Lets try it even higher to finally get rid of sort merge passes – may be it is sort merge which is inefficient with largesort_buffer_size ?
mysql> set sort_buffer_size=100000000;
Query OK, 0 rows affected (0.00 sec)

mysql> select * from gt order by i desc limit 10;
+--------+------------------------------------------+ 
| i      | c                                        |
+--------+------------------------------------------+
| 100000 | eb6d2b5ed1897bdd0ff6e22ee1b44814ffb8f912 |
| 100000 | 635e8e8f8e3b9dc547bbd3deaadb1f297f691729 | 
| 100000 | 1bff67cc134e316dad5370de38020bef818ec45c |
| 100000 | 0db0601036fb9d1d5e17631d4d1bed9149675bb3 |
| 100000 | 0a7750a1393e77a2871ecfb39d5032d0b0f7c37c |
|  99999 | 41f091f4074717bf80d2b1a788e6a4a122057d11 | 
|  99999 | 049d9591ef0f584deaaf0433c0f3eda8631bdb85 |
|  99999 | 72b934f76863791f740b96858d5acb6a60459644 |
|  99999 | f0a42a16a41b4249da7c31f2d9556f05622a87b4 |
|  99999 | 35de8ae483779e6024c51998eb5b5e69e02eb74c | 
+--------+------------------------------------------+
10 rows in set (1.55 sec)

mysql> show status  like "sort%";
+-------------------+-------+
| Variable_name     | Value |
+-------------------+-------+ 
| Sort_merge_passes | 0     |
| Sort_range        | 0     |
| Sort_rows         | 10    |
| Sort_scan         | 1     |
+-------------------+-------+
4 rows in set (0.00 sec)
Nope. We finally got rid of sort_merge_passes but our sort performance got even worse !

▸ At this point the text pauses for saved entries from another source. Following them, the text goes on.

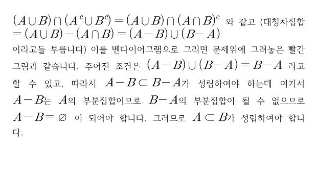 대칭차집합 관련 아주쉽게 이해좀 작성자dolphin|작성시간16.01.12|조회수111 목록 댓글 0 글자크기 작게가 글자크기 크게가 질문 아주쉽게 이해좀 답변 선생님도 매월 시험보는 목동고등수학학원 길벗아카데미 수학과 임창훈입니다. 다음검색 현재 게시글 추가 기능 열기 북마크 공유하기 신고 센터로 신고 댓글 댓글 0 댓글쓰기 답글쓰기 댓글 리스트
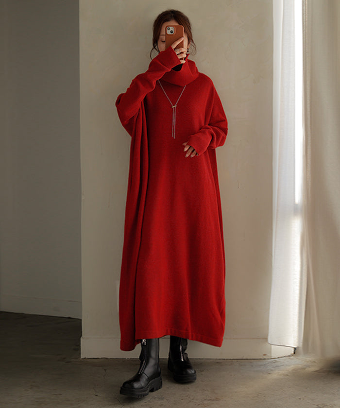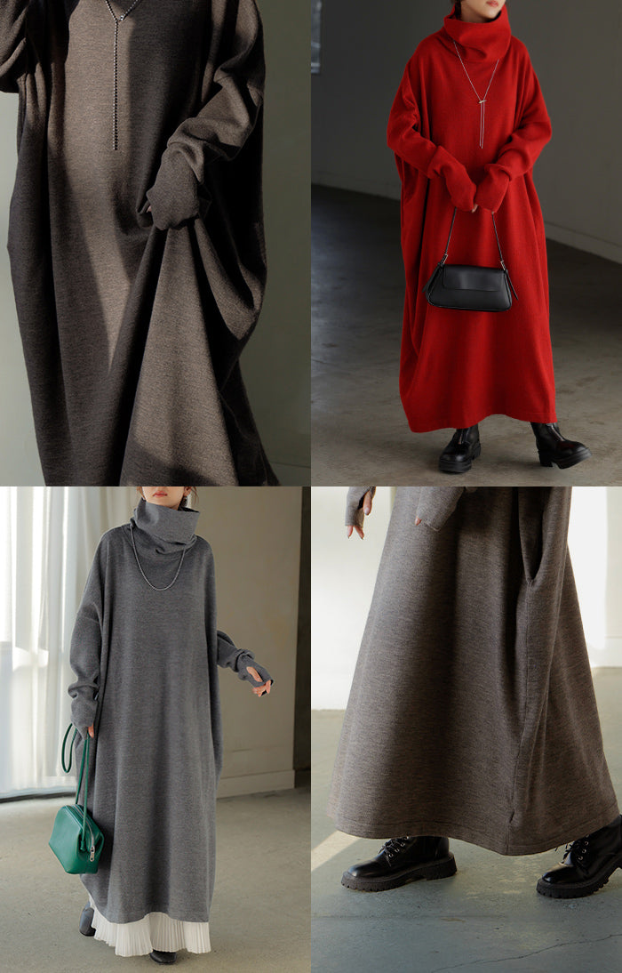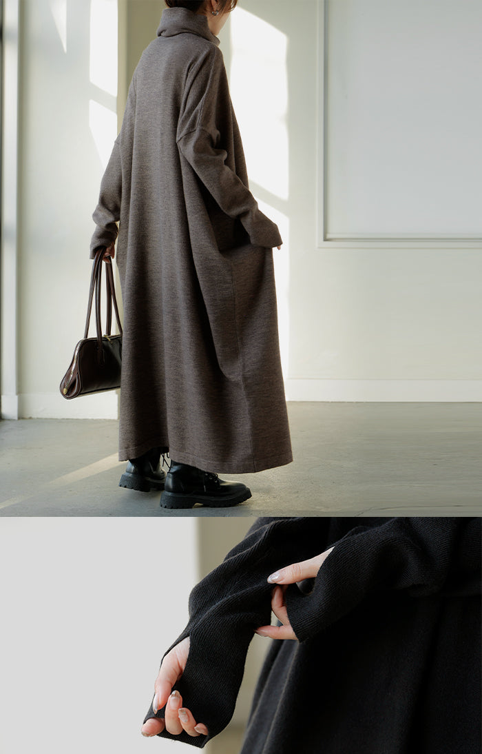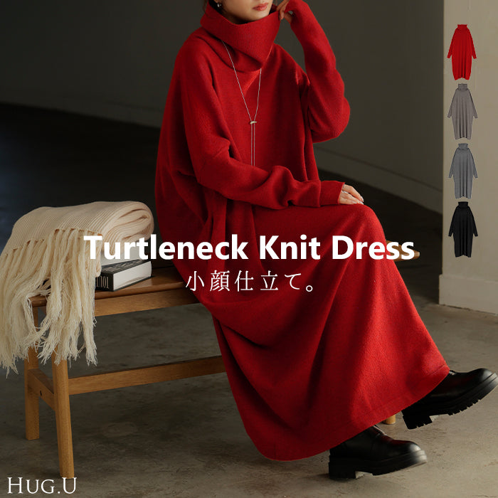 2025AW新作 ワンピース ニット タートルネック ロング ワンピ セーター レディース 指穴 ニットワンピース ニットワンピ ロングワンピース 長袖 マキシ シンプル タイト Aライン 無地 大きいサイズ 体型カバー きれいめ 上品 カジュアル きれいめ 黒 グレー 秋 冬 HUG.U
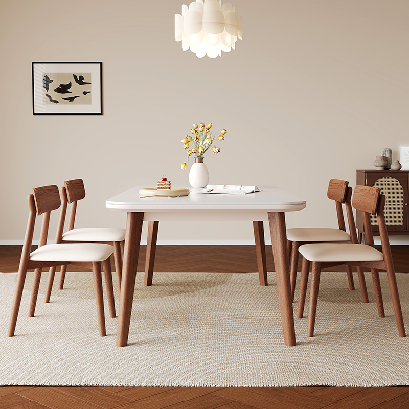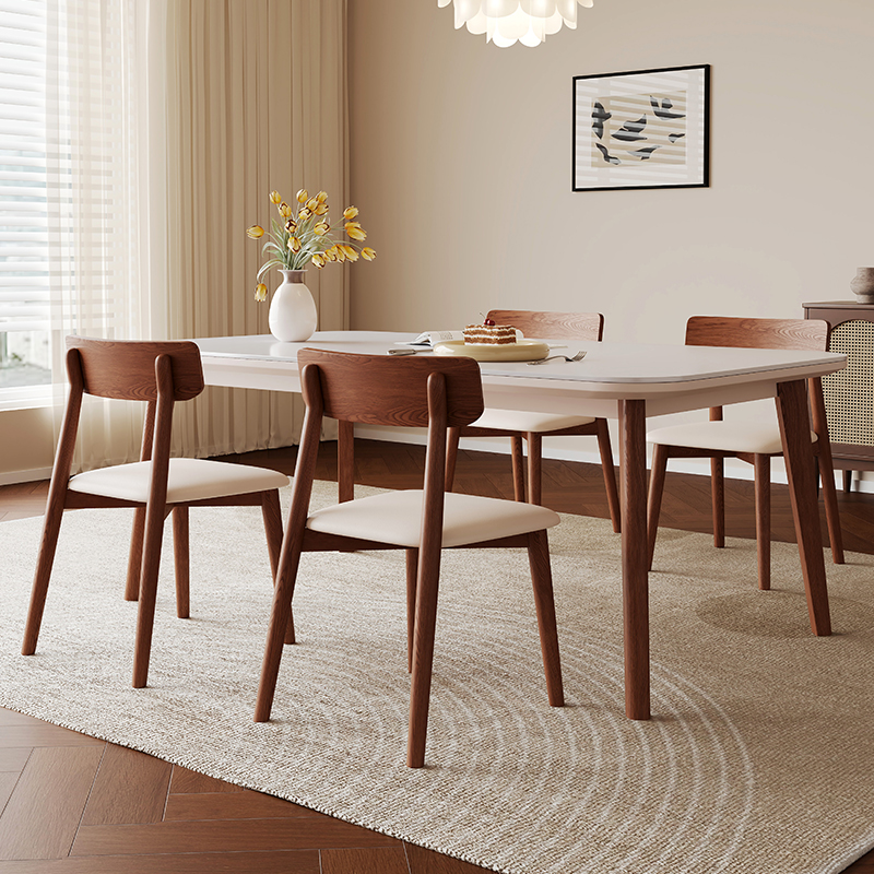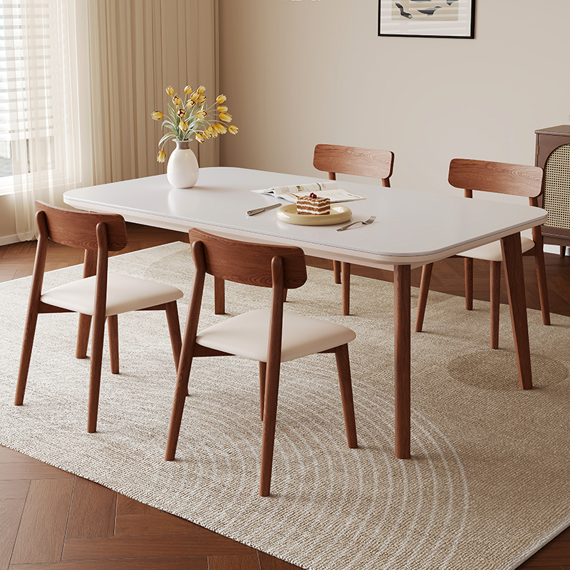 佳嘉美家居2025年新款岩板实木餐桌椅组合家用高端长方形吃饭桌
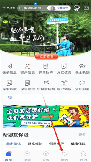 打开软件点击主界面下的【康养】板块
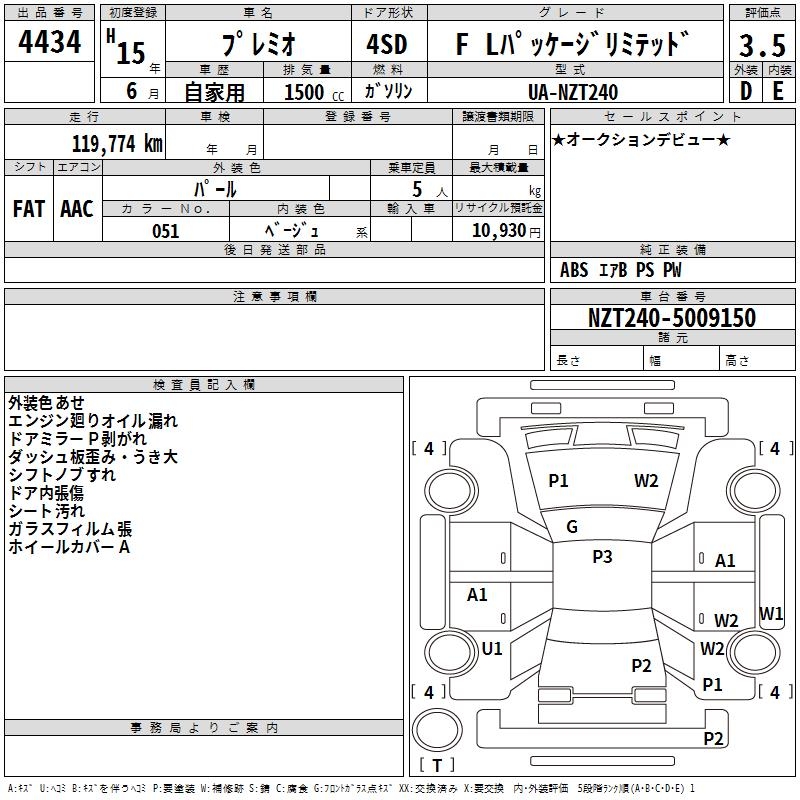 TOYOTA PREMIO - лот 4434

I decided to experiment a bit further to see what sort_buffer_size is optimal for given platform and given query (I did not test if it is the same for all platforms or data sets) – The optimal sort_buffer_size in this case was 70K-250K which is quite smaller than even default value.
The CPU in question was Pentium 4 having 1024K of cache.
A while ago I already wrote what large buffers are not always better but I never expected optimal buffer to be so small at least in some conditions.
What do we learn from these results:
  • Benchmark your application Unfortunately general tuning guidelines can be wrong for your particular case, or generally wrong because they tend to reprint the manual which is often written based on theoretical expectations rather than supported by large amount of testing.
  • sort_merge_passes are not that bad. Setting your sort_buffer_size large enough so there is zero sort_merge_passes may not be optimal.
  • World is full of surprises I obviously did not expect to get such results, and this is not any exception. Even spending a lot of time optimizing and otherwise working with MySQL I continue to run in results which surprise me. Some are later expected others come from underlying bugs and later fixed.